Si ese mal nacido del manijero nos dejara abocar los espigaores cuando van por la mitad no nos dolerían tanto los riñones, pero el hijo de… —su madre no tiene culpa— dice que así perderíamos mucho tiempo. Como él no tiene que estar agachado todo el santo día, desde la mañana a la tarde, con el peso cada vez mayor de los pésoles tirando de la espalda. A ese lo arreglaba yo; con que estuviera una hora con el lomo doblado me conformaba. «¡Venga, mujeres, que esto no cunde!», nos grita desde la punta del bancal apoyado en los sacos llenos, esperando que acudamos a abocar. ¡Abrir el saco es lo único que hace! ¡Y eso que no es el amo!

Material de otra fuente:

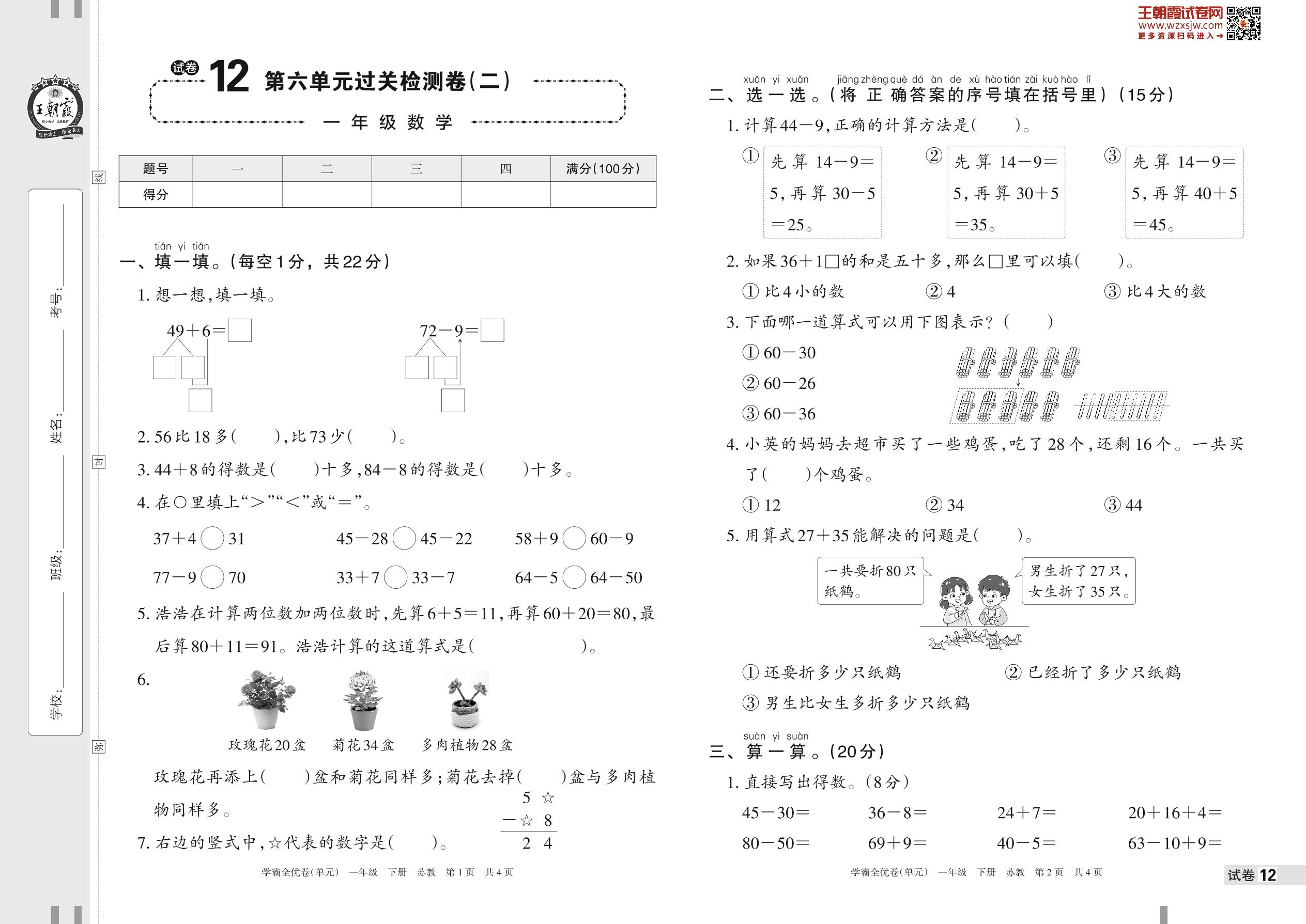 2023下册一年级数学苏教版 试卷12 第六单元过关检测卷(二)
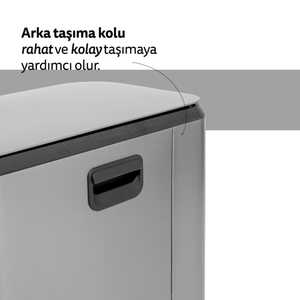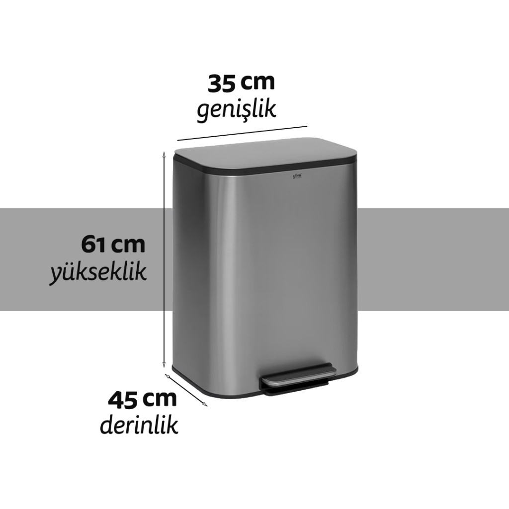 TITAN 50 LT metal pedallı çöp kutusu, şık paslanmaz çelik gövdesi ve ergonomik tasarımıyla mutfak, banyo ve ofis gibi alanlarda hem fonksiyonel hem estetik bir çözüm sunar. Pedallı çöp kovası mekanizması sayesinde kapağa temas etmeden hijyenik kullanım sağlar. Yavaş kapanma (soft close) özelliği ise kapağın sessiz ve kontrollü kapanmasına yardımcı olur. Kompakt yapısı ile dar alanlara kolayca uyum sağlar.
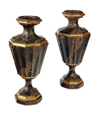 PAIR OF CONTINENTAL FAUX MARBLE AND PARCEL GILT URNS
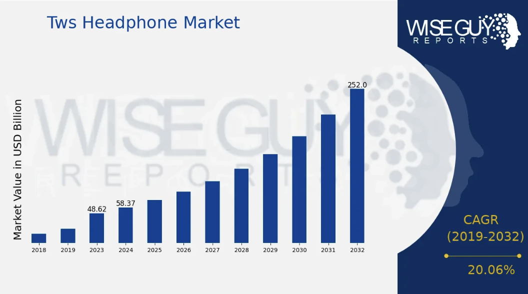 根据wise guy reports数据,2023年TWS耳机市场规模预计为486.2亿美元,而到2024年将增长至583.7亿美元,预计到2032年,这一数字将飙升至2519亿美元,2025-2032年CAGR约为20.06%。
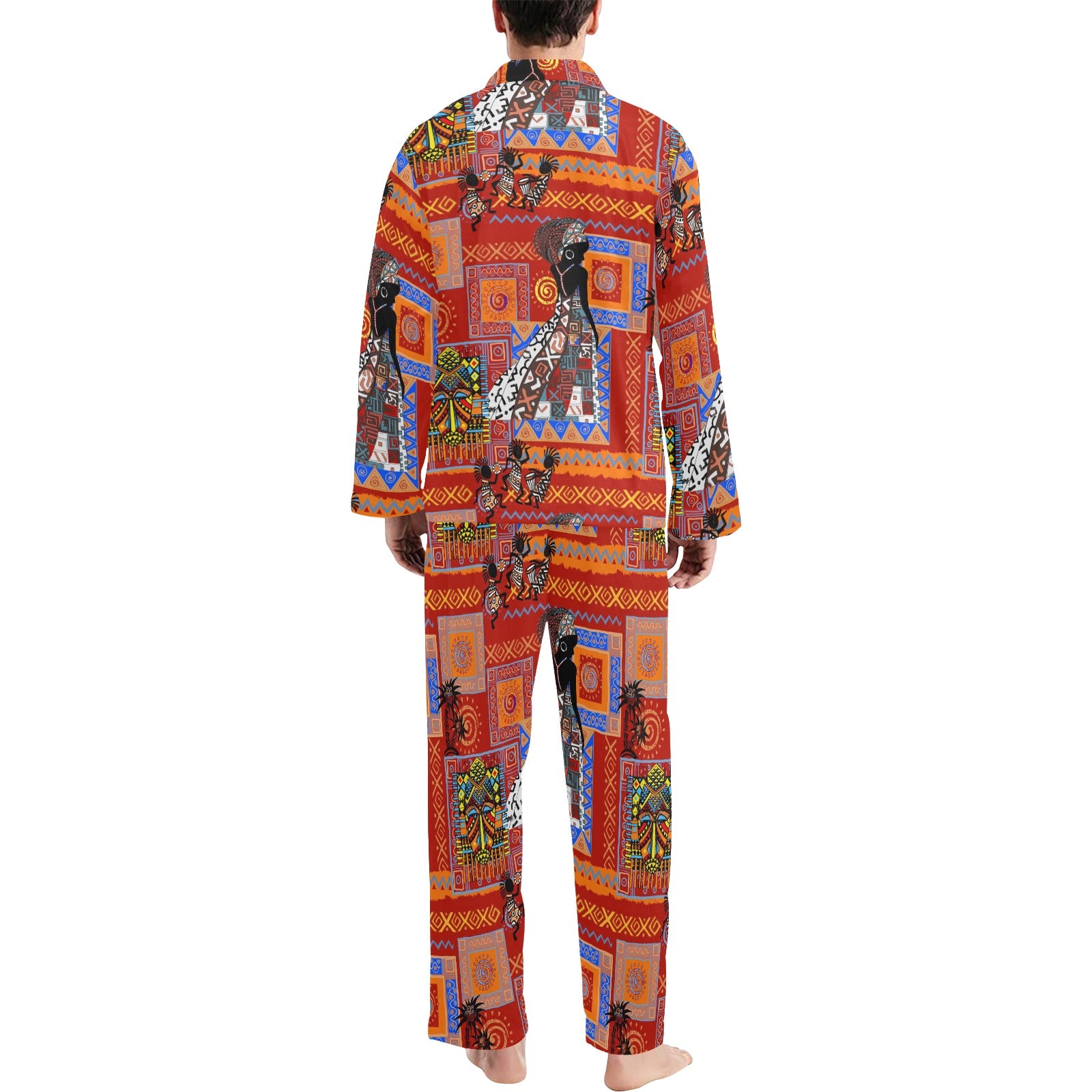 African Print Pattern Men's Long Pajama Set Made to Order Item. It is hand-cut and sewn just for your order! This process starts as soon as your order is placed and may have a processing time of 5-9 business days before it ships.

¡Por fin la hora de comer! Y no por la comida, que ya hay hambre, sino porque podemos descansar un poco. Las conversaciones que en el tajo tenemos unas con otras nos ayudan a sobrellevar los dolores en la espalda: que si la “fulanica” se entiende con el “menganico”, que la suegra de tal no quiere a la nuera y la enfrenta al hijo, que si tu “marío” la tiene más o menos… pero los dolores ahí siguen, aumentando a medida que avanza la mañana. Un ¡ay! con otro se oye cuando nos dejamos caer al suelo, con más ganas de dormir que de comer. Pero hay que reponer fuerzas porque la tarde nos espera. Hasta la caída del Sol; aunque pocas voy a recuperar con lo que traigo en la fiambrera: ensalada del campo frita, una sardina de bota y un poco de pan que sobró anoche. El tocino, el huevo duro y los cacahuetes, con el resto de la ensalada y otro mendrugo de pan se lo he puesto a mi marido, porque él estará todo el día andando con el ganado. Por la noche ya cenaremos algo caliente. Espero que mi suegra lo tenga preparado.

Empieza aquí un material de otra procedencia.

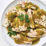Placer le poulet dans le Plat de 1 ¾ pte/1,75 L, puis l'assaisonner de sel et de poivre. Remuer les morceaux assaisonnés dans la farine pour les enrober. Ajouter la salsa verte et mélanger pour enrober. Superposer les plats et cuire.
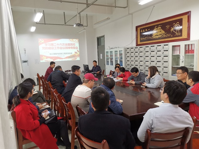 3月14日下午四点,化学工程学院装控系党支部在工科楼E411会议室组织学习第二十六次全国高校党建工作会议精神,会议由装控系党支部书记左海强主持,装控系全体党员教师参加了此次学习活动。
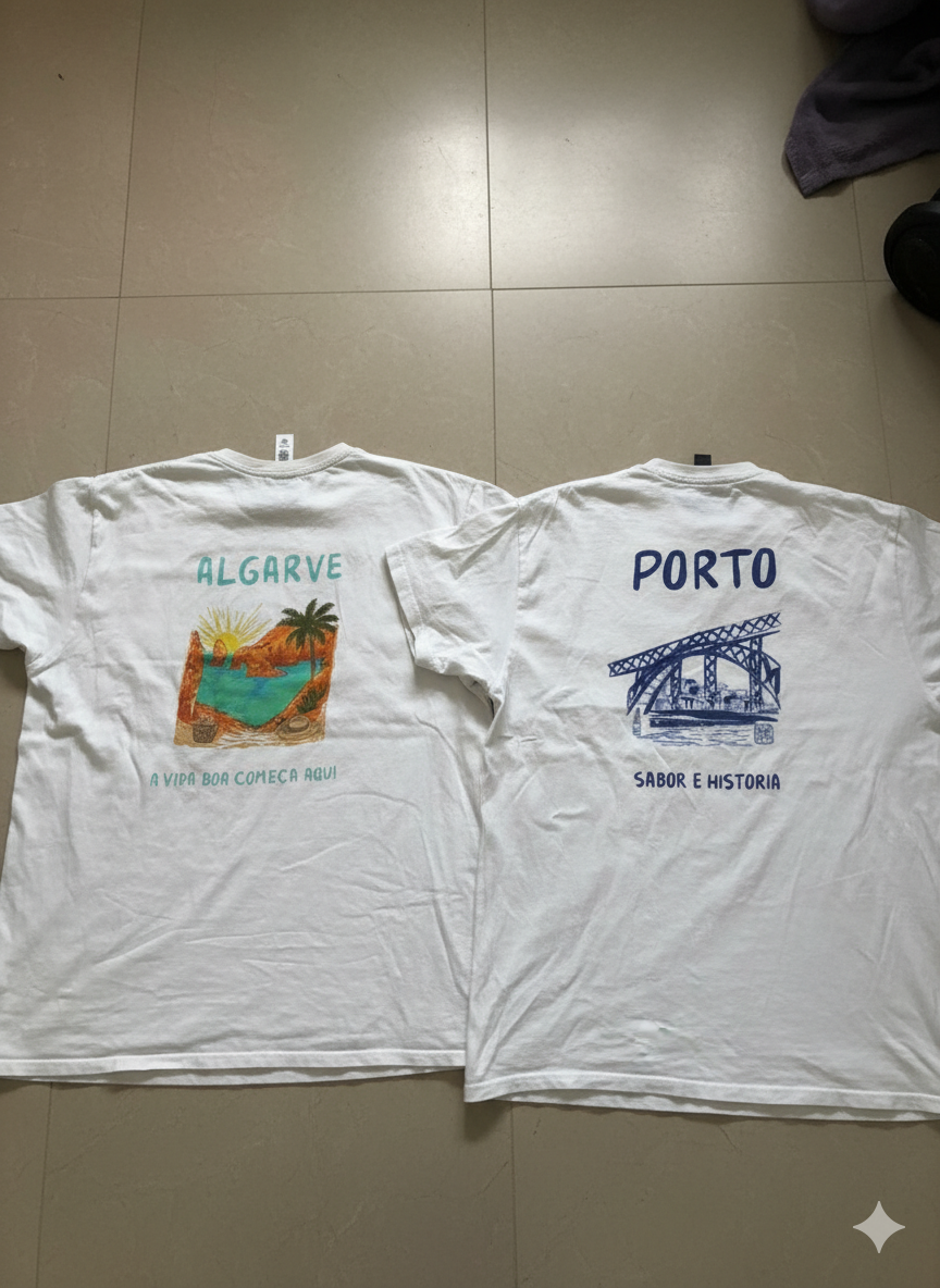 Nous proposons des sweat-shirt et t-shirts 100 % coton, unisexes, inspirés de différentes villes emblématiques du Portugal. Chaque modèle rend hommage à une ville à travers un design unique.

Qué lento se mueve el Sol. Estoy reventada. Todos los dolores son uno: la espalda, los brazos, las piernas. Los pocos minutos que hemos parado a fumar[3] apenas me han servido de algo. Y ya casi no nos quedan fuerzas para cantar. Al poco de “engancharnos”, las coplas de unas y otras nos han hecho más llevadero el trabajo, pero a estas horas ya… sólo me mantiene en pie pensar en mi hijo. En un rato lo tendré en los brazos, le haré mimos y carantoñas, lo levantaré muy alto y él se reirá a carcajadas enseñando sus dientes pequeñitos y blancos. Lo llenaré de besos. Lo bañaré en agua caliente al lado de la lumbre y después le daré de cenar y lo dormiré acunándolo en mis brazos. Creo que ya es la hora, lo sé por el Sol. Pero el manijero no da la voz; es el único que lleva reloj y quiere robarnos el tiempo que pueda. Algún día también tendré yo un reloj de pulsera. Un día vi los que llevaba el joyero que de vez en cuado viene por el pueblo. Se los estaba enseñando a unas señoritingas. ¡Qué bonitos son! ¡Y qué caros!

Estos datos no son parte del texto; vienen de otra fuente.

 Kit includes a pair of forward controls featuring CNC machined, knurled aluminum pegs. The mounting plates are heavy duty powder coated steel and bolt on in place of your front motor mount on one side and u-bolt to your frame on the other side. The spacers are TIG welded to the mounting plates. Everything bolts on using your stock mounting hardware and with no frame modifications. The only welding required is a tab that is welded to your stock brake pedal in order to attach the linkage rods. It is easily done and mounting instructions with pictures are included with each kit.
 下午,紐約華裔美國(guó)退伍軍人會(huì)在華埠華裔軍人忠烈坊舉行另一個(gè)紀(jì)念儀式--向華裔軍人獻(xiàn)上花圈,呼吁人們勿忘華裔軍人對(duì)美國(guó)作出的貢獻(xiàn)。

«¡Venga, que ya es la hora!», grita una. «¡Se ve que te pagan más por exprimirnos el tiempo!», se desahoga otra. «¡Que se nos va a hacer de noche por el camino!», protesto yo. Al fin, el manijero, al que se le ha olvidado que es un trabajador, da por acabada la jornada. Me cuesta enderezarme. Aboco los últimos pésoles del espigaor en el saco, recojo la capaza con la fiambrera y emprendo el camino de regreso. Las otras mujeres van a su paso, parece que no tienen prisa como yo. A mí todavía me quedan muchas cosas que hacer. Lo primero: la hierba para los conejos. Por eso me he traído el saco de hilo de pita para llenarlo con vallo[4], que es lo que mejor les va. Menos mal que el saco no es muy grande y lleno pesa poco.

Qué regordete que está mi hijo. Cuando nació estaba canijo, casi en los huesos. Poca y mala era la comida durante el embarazo y se ve que no le llegaba alimento suficiente. Ahora, en cambio, con sus mofletes rosados, su carita redonda, los bracitos y piernas bien rellenos está para comérselo. Sólo he podido jugar unos minutos con él porque la noche se viene encima y todavía tengo que acarrear un cántaro de agua de un aljibe del pueblo. Nosotros tenemos aljibe pero el agua es demasiado dura y no sirve para cocer los garbanzos o las lentejas. Por si mis piernas han dado hoy pocos pasos, ahora al pueblo; menos mal que no está muy lejos. Lo peor es tener que cargar con el cántaro lleno, al costado, después de todo un día en el bancal. ¡Qué se le va a hacer! La vida de los pobres… Mi marido dice que hay casas en las que el agua sale por un grifo, que no hay que sacarla del aljibe o acarrearla con el cántaro, claro que eso lo tienen los que lo tienen: los ricos. También dice que hacen sus necesidades sentados sobre un agujero; retrete creo que lo llaman. No como nosotros que tenemos el jarro o las palas[5]. Algún día…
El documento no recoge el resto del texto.